To day the Danish engineering new site ing.dk reported some experiences of a Norwegian security researcher personally have had with a page pager. Page makers are life saving devices for people with certain hearth faults. How they contain embedded software and wireless interfaces unknown to the patient user. Here is a partial translation of the report from ing.dk:

"The Norwegian security researcher Marie Moe recently talked about "Hacking my own heart" at the Copenhagen Cybercrime Conference. Five years ago she passed out due to a heart failure, and was given a page maker. As an employee at NorCERT in Norway Ms. Moe soon got a interest in her newly implanted device.At the time many she asked many questions of the doctors, including some about the safety of the hardware and software, which then made her heart beat."
"She decided to search for information herself, and found a technical manual on heart hardening using Google. In this she discovered, that the pace maker had two wireless communication options. One was an NFC interface to give programming access to the device, and that one she was aware of. It could be used for diagnosis, and by touching a screen on the programming device a doctor could make the heart go faster or slower or even stop. The second wireless interface could communicate over several meters, and was intended to send telemetric information via a box in the home to a server on the internet. The intended user was the health and pharma industry, but not the patient or her doctor. Ms. Moe remarked, that given the certification process such devices are subject to, then the technology providing the internet connectivity would properly be 15 years old."
"At one point while climbing som stairs Ms. Moe suddenly felt like an 80-year old. She later had the same experience while running for a bus. After several months of pacemaker studies it turned out that there was an error in the pacemaker interface In the default configuration the pacemaker was set to an upper pulse of 160 beats per minute. So men this was reached the pacemaker would change the pulse to just 80 beats per minute. It turned out that the NFC programming device showed a different max-pulse level that what was actually programmed into the pacemaker."
"Ms. Moe had another bug experience last year on the way to a conference in Amsterdam, when she could suddenly see her chest muscles move. It was properly caused by cosmic radiation, which caused bit flips in the memory of the device, so it could not access memory as intended. Since the different pacemaker manufacturers use different and non-compatible devices for programming Ms. Moe had to wait for proper equipment to arrive, to factory reset her pacemaker. That naturally re-introduced the old bug, which Ms. Moe had discovered earlier."
"So how is software on a pacemaker being updated?
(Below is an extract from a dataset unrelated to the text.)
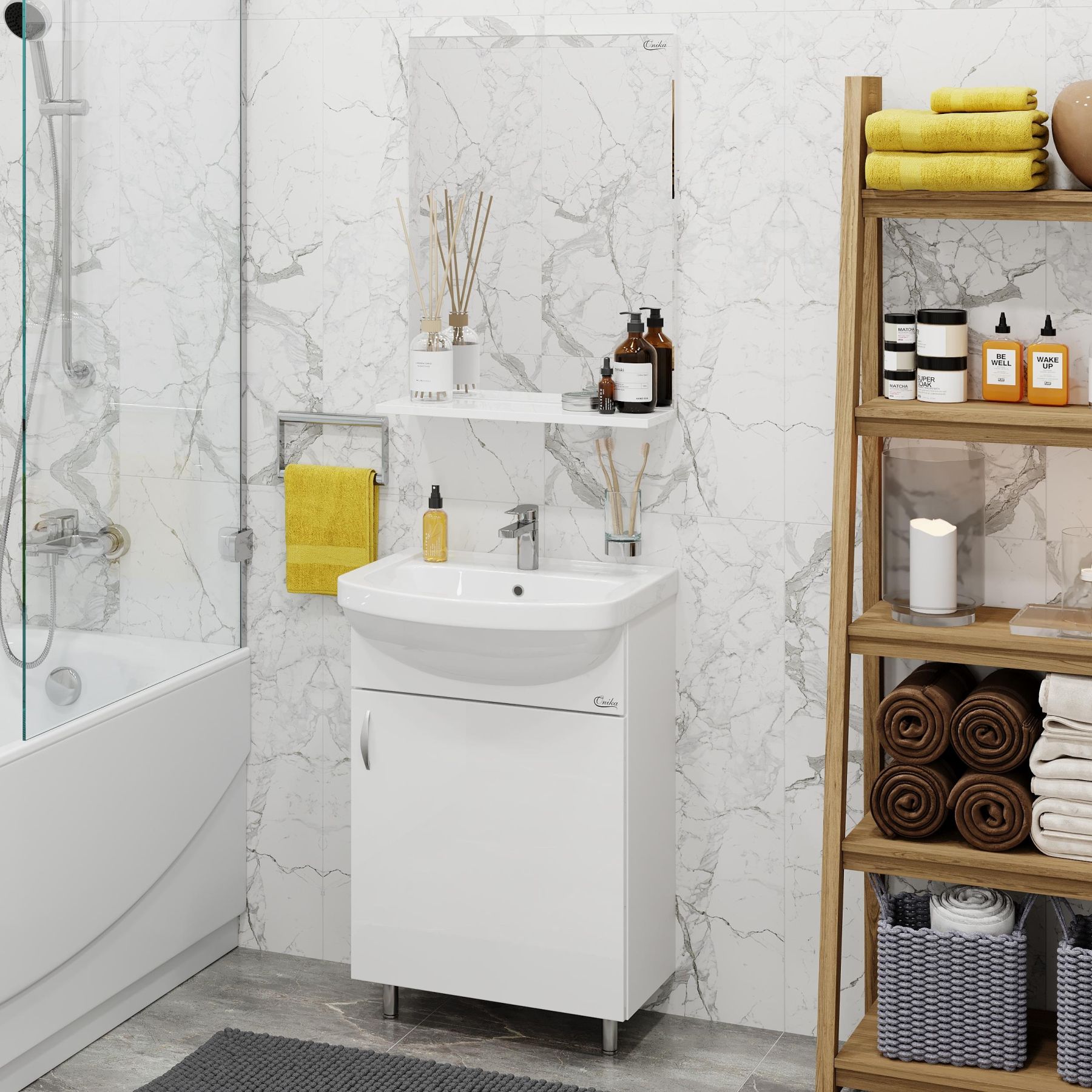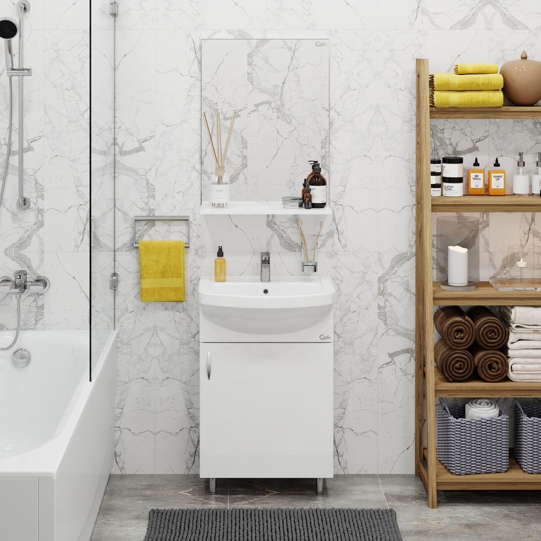 Небольшая полочка под зеркалом может быть использована для размещения декора или часто используемых предметов.

Well, a USB-key from the provider is inserted in the programming unit, which then uploads the code to the pacemaker.  At the end of the presentation Ms. Moe showed herself in a half marathon, so the pacemaker is working today."
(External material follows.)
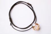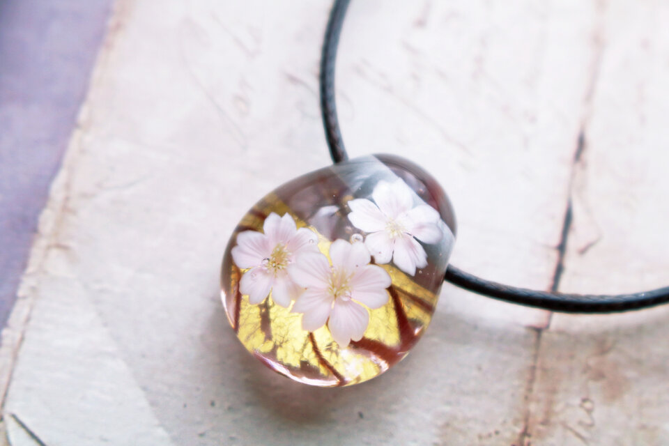 金箔を入れた薄いピンクの地に、桜を咲かせたガラスペンダントです。

Why is this story relevant for the process safety and control community? Because of the multitude of electronic programmable devices, which have entered the process industry during the past twenty years, and just sit out there in the plants during their thing, without anyone thinking about bugs.

The question, which spring to mind after reading about Ms. Moes experience with radiation influencing her pacemaker, is whether the smart instrumentation in our modern plants can experience similar malfunctions? If or when they do, and we then prepared to deal with them?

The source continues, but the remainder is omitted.